A simple cladogram of the vertebrates.
Left to right: hagfish, sharks, fish, amphibians, mammals, birds, reptiles

I wrote this article in 1995, when I was just getting seriously interested in fossils and evolution. I kept running into strange words when reading about how fossils were classified -- "cladogram," "plesiomorphy," "apomorphy," and more. I looked around for a basic introduction to taxonomy, something that a beginner could understand, and couldn't find one. So I got a couple of references from the library and wrote one myself. It isn't 100% accurate, and looking back at it now I see several things that could have been written a lot better. But it still serves the purpose of a basic introduction to taxonomy, something that anyone should be able to understand.

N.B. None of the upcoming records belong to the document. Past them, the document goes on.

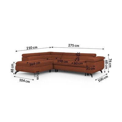 Iz šeniljeNastavljiva/raztegljiva/s prostorom za shranjevanjeLevi kot/v obliki črke LV barvi terakotePrimerna za hišne ljubljenčke/odporna na madežeŠtirisedežnaŠirina 275 cm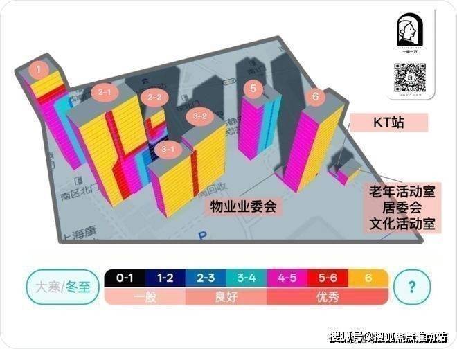 2-1号楼和1号楼相似,中高层无遮挡,低区西侧户型优于东侧。2-2号楼低区遮挡严重,采光一般,但高区采光优秀。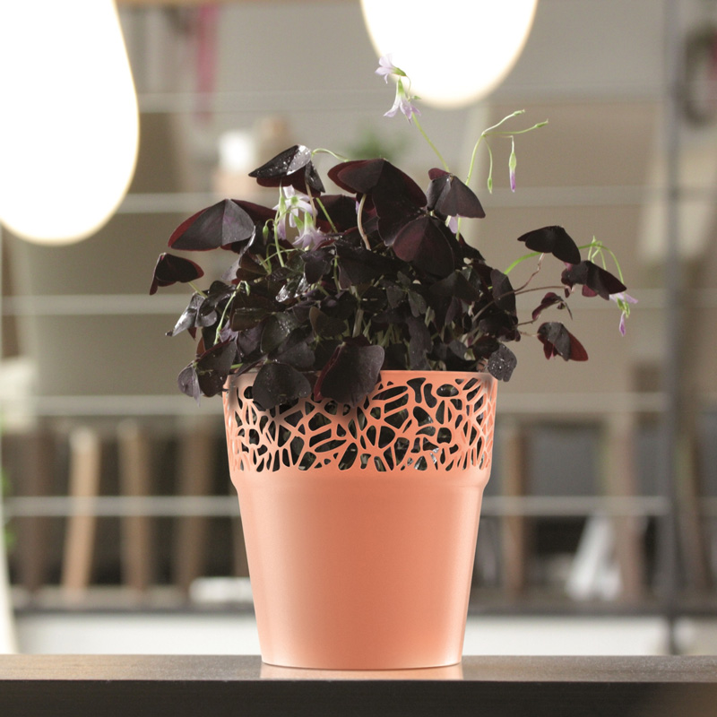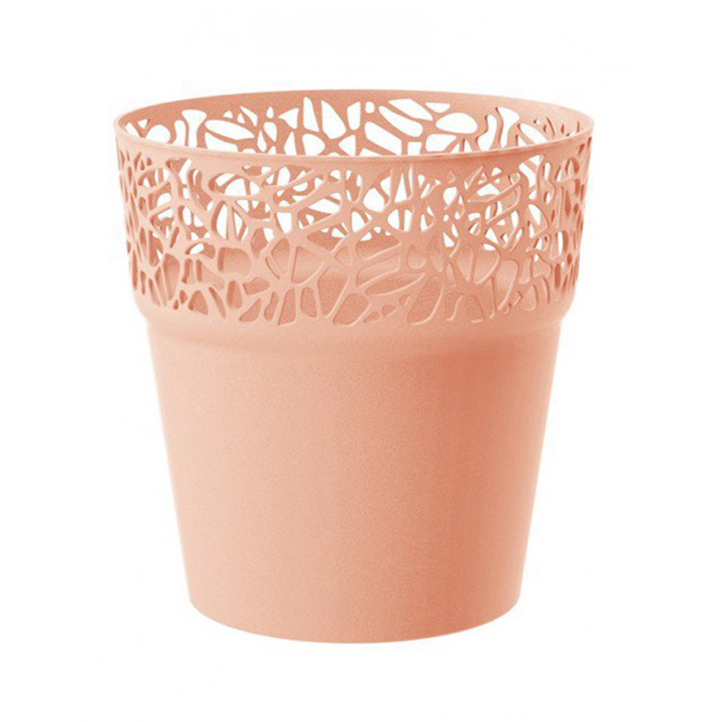 Stylish and quality pot from the Naturo series of the PROSPERPLAST brand. made of peach-colored plastic. Unbreakable, resistant to UV rays and weathering. The model features a braid of fine lines and classic shapes with imitation lace.

In order to understand the relationships between living and extinct animals and plants, it's necessary to have some understanding of taxonomy. It's especially important when dealing with extinct groups of animals like dinosaurs, because we have no modern animals to compare them to, and a great deal of what we know about them is involved in how we classify them.

First of all, what is taxonomy? Simply stated, taxonomy is the branch of biology that deals with classifying living things. Like most names of scientific fields, the word 'taxonomy' is built from Greek word roots. For example, 'biology' was created from the Greek words 'bios', meaning 'life or living', and 'ology', meaning 'the study of'. So 'biology' is 'the study of living things.' 'Taxonomy' is also a composite word, created from 'taxis' (meaning 'arrangement or order') and 'nomia' (meaning 'law'). So taxonomy = 'the laws for organizing things'.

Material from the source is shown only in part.